Your reply should hold every record exactly as given, with no pictures in it.

*** Supplied data ***

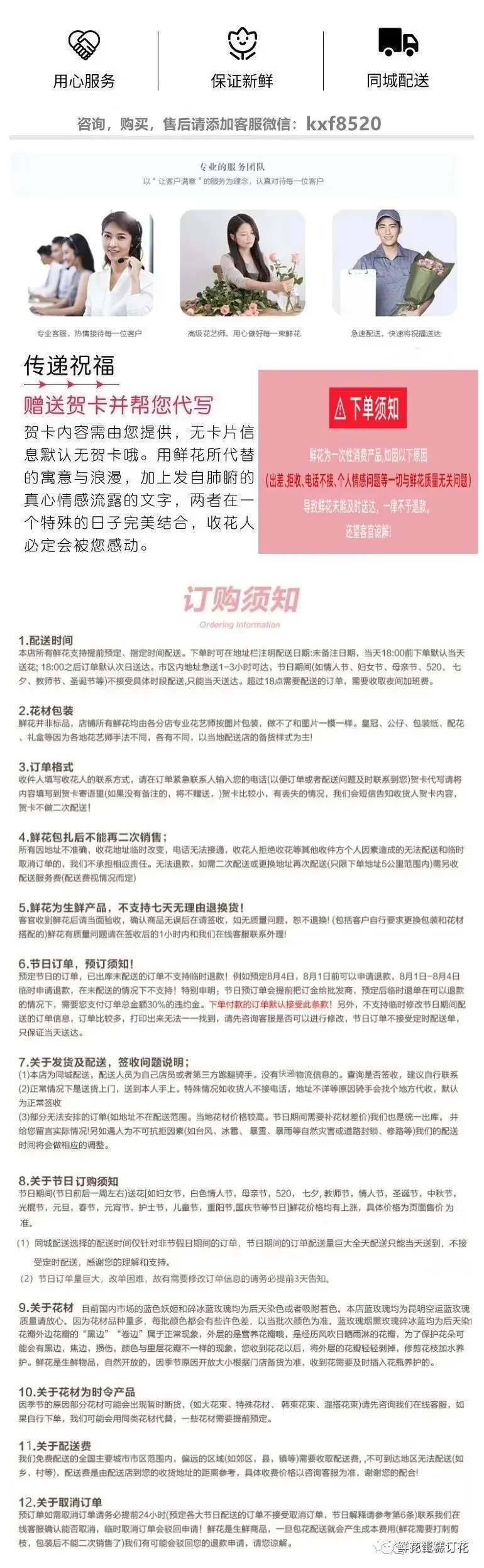 鲜花订花送花客服微信:1050547197
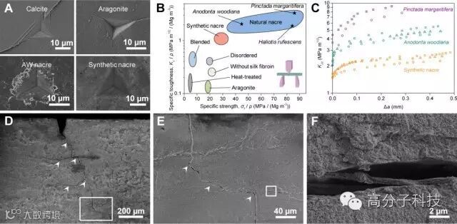图三: 人工珍珠层与天然珍珠层力学性质的比较和分析 (A)纳米压痕实验表明微观尺度上天然珍珠层和人工珍珠层都有很好的抗裂纹能力;(B)阿什比图表明人工珍珠层具有良好的力学性能;(C)人工珍珠层的断裂韧性随裂纹扩张呈上升趋势,证明有非本征增韧机理;(D)开口样品的三点弯曲实验显示出裂纹的折射和沿层间扩展;(E)(D)图中标识区域的放大结构;
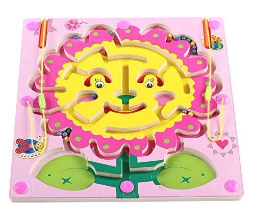 両面木製キッズのおもちゃの迷路パズル教育迷路ゲームルードゲーム、花
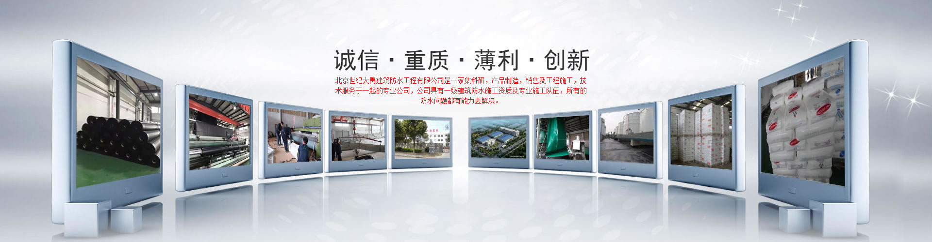 北京世紀(jì)大禹建筑防水工程有限公司是一家集科研,產(chǎn)品制造,銷售及工程施工,技術(shù)服務(wù)于一起的專業(yè)公司,產(chǎn)品主要包括道路橋梁專用材料、建筑堵漏材料、建筑防水卷材、建筑防水涂料等。產(chǎn)品行銷全國,形成了覆蓋全國的營銷服務(wù)網(wǎng)絡(luò)。產(chǎn)品廣泛應(yīng)用于建筑物屋面、地下、地鐵、隧道、橋梁、泳池、糧庫、種植屋面等防水、防潮、防腐、防滲等工程。公司具有一級建筑防水施工資質(zhì)及專業(yè)施工隊(duì)伍,所有的防水問題都有能力去解決,作為系統(tǒng)防水解決方案的提供者,我們已經(jīng)將各項(xiàng)防水系統(tǒng)成功應(yīng)用于國家大型基礎(chǔ)設(shè)施建設(shè)項(xiàng)目中,防水系統(tǒng)優(yōu)良的應(yīng)用效果也獲得了用戶及社會各界的高度評價。 用戶滿意是企業(yè)永恒的追求,在充滿機(jī)遇挑戰(zhàn)的時期,將以市場為導(dǎo)向,以人才為根本,以技術(shù)為支撐,以資本為紐帶,打造一個實(shí)力雄厚、核心競爭力強(qiáng)大的國際化企業(yè)。我們將用信念、追求和執(zhí)著開啟新的航程,乘風(fēng)破浪,勇往直前,駛向我們的理想和目標(biāo),為人類及社會創(chuàng)造持久安全的環(huán)境及構(gòu)筑和諧的人居環(huán)境貢獻(xiàn)我們的力量! |
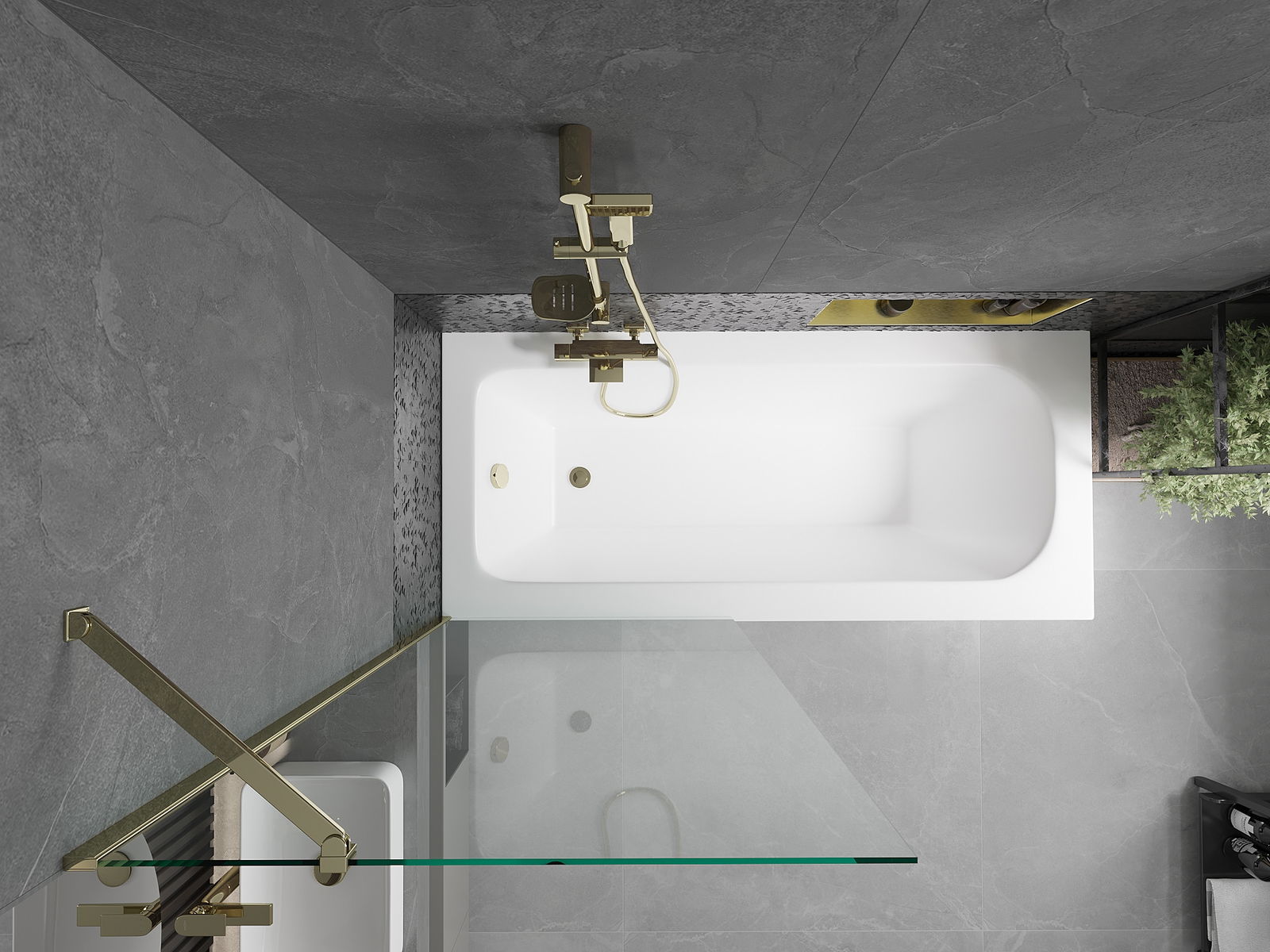 Mexen Vega stačiakampė vonia 170 x 70 cm su apdaila ir 1 dalių 80 cm ekranu, skaidri, auksinė - 550117070X9508000050
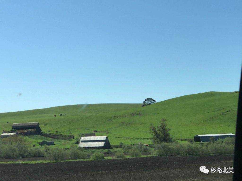 5号公路一进入加州就感觉路边的风光无限了,马路两边或是绵延不断的丘陵,或是铺满了翠绿的野草或者山花,或是一马平川绿色的田地,仿佛整个大地被铺了一张巨大的绿色地毯,层层叠叠,爽心悦目,忽然一群马儿,在草地上或安静的低头吃草,或扬蹄驰骋,好美的一副山水画啊……孩子们也被这样的景色所吸引,一会高呼,快看那面一群爸爸在吃草(属牛的爸爸);一会比着这座山高,哦,后面的这座更高……
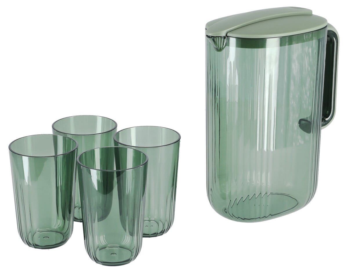 Clas Ohlson Tillbringare i plast med lock och 4 glas, 2 liter
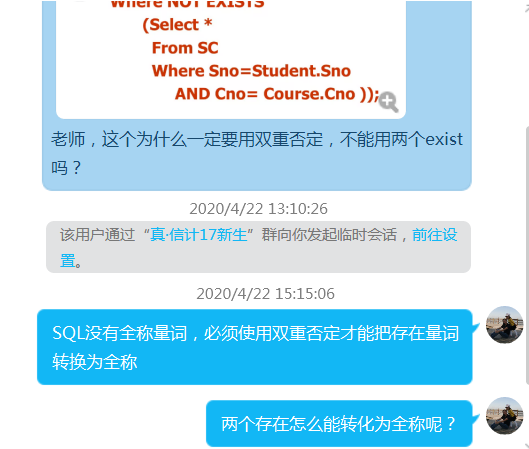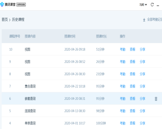 为了让学生能够保质保量的完成学习任务,冯莉老师根据不同课程的实际情况,选择不同的教学平台。比如数据库原理课程,由于MOOC视频内容相对较少,冯莉老师采用腾讯课堂直播讲解的方式开展理论教学,利用腾讯课堂的回放功能,可以保证同学们在课上听不懂的地方能够及时回看。需要上机实验的时候,则采用腾讯会议的方式开展,利用腾讯会议每一位参与者均可以分享屏幕的功能,能够更好在同学们出现问题时答疑解惑。同时结合课程QQ群,同学们可以分享问题截屏,老师在线解答,实时沟通。

*** End of Supplied data ***

» Answer section
 鲜花订花送花客服微信:1050547197
图三: 人工珍珠层与天然珍珠层力学性质的比较和分析 (A)纳米压痕实验表明微观尺度上天然珍珠层和人工珍珠层都有很好的抗裂纹能力;(B)阿什比图表明人工珍珠层具有良好的力学性能;(C)人工珍珠层的断裂韧性随裂纹扩张呈上升趋势,证明有非本征增韧机理;(D)开口样品的三点弯曲实验显示出裂纹的折射和沿层间扩展;(E)(D)图中标识区域的放大结构;
 両面木製キッズのおもちゃの迷路パズル教育迷路ゲームルードゲーム、花
 北京世紀(jì)大禹建筑防水工程有限公司是一家集科研,產(chǎn)品制造,銷售及工程施工,技術(shù)服務(wù)于一起的專業(yè)公司,產(chǎn)品主要包括道路橋梁專用材料、建筑堵漏材料、建筑防水卷材、建筑防水涂料等。產(chǎn)品行銷全國,形成了覆蓋全國的營銷服務(wù)網(wǎng)絡(luò)。產(chǎn)品廣泛應(yīng)用于建筑物屋面、地下、地鐵、隧道、橋梁、泳池、糧庫、種植屋面等防水、防潮、防腐、防滲等工程。公司具有一級建筑防水施工資質(zhì)及專業(yè)施工隊(duì)伍,所有的防水問題都有能力去解決,作為系統(tǒng)防水解決方案的提供者,我們已經(jīng)將各項(xiàng)防水系統(tǒng)成功應(yīng)用于國家大型基礎(chǔ)設(shè)施建設(shè)項(xiàng)目中,防水系統(tǒng)優(yōu)良的應(yīng)用效果也獲得了用戶及社會各界的高度評價。 用戶滿意是企業(yè)永恒的追求,在充滿機(jī)遇挑戰(zhàn)的時期,將以市場為導(dǎo)向,以人才為根本,以技術(shù)為支撐,以資本為紐帶,打造一個實(shí)力雄厚、核心競爭力強(qiáng)大的國際化企業(yè)。我們將用信念、追求和執(zhí)著開啟新的航程,乘風(fēng)破浪,勇往直前,駛向我們的理想和目標(biāo),為人類及社會創(chuàng)造持久安全的環(huán)境及構(gòu)筑和諧的人居環(huán)境貢獻(xiàn)我們的力量! |
 Mexen Vega stačiakampė vonia 170 x 70 cm su apdaila ir 1 dalių 80 cm ekranu, skaidri, auksinė - 550117070X9508000050
 5号公路一进入加州就感觉路边的风光无限了,马路两边或是绵延不断的丘陵,或是铺满了翠绿的野草或者山花,或是一马平川绿色的田地,仿佛整个大地被铺了一张巨大的绿色地毯,层层叠叠,爽心悦目,忽然一群马儿,在草地上或安静的低头吃草,或扬蹄驰骋,好美的一副山水画啊……孩子们也被这样的景色所吸引,一会高呼,快看那面一群爸爸在吃草(属牛的爸爸);一会比着这座山高,哦,后面的这座更高……
 Clas Ohlson Tillbringare i plast med lock och 4 glas, 2 liter
 为了让学生能够保质保量的完成学习任务,冯莉老师根据不同课程的实际情况,选择不同的教学平台。比如数据库原理课程,由于MOOC视频内容相对较少,冯莉老师采用腾讯课堂直播讲解的方式开展理论教学,利用腾讯课堂的回放功能,可以保证同学们在课上听不懂的地方能够及时回看。需要上机实验的时候,则采用腾讯会议的方式开展,利用腾讯会议每一位参与者均可以分享屏幕的功能,能够更好在同学们出现问题时答疑解惑。同时结合课程QQ群,同学们可以分享问题截屏,老师在线解答,实时沟通。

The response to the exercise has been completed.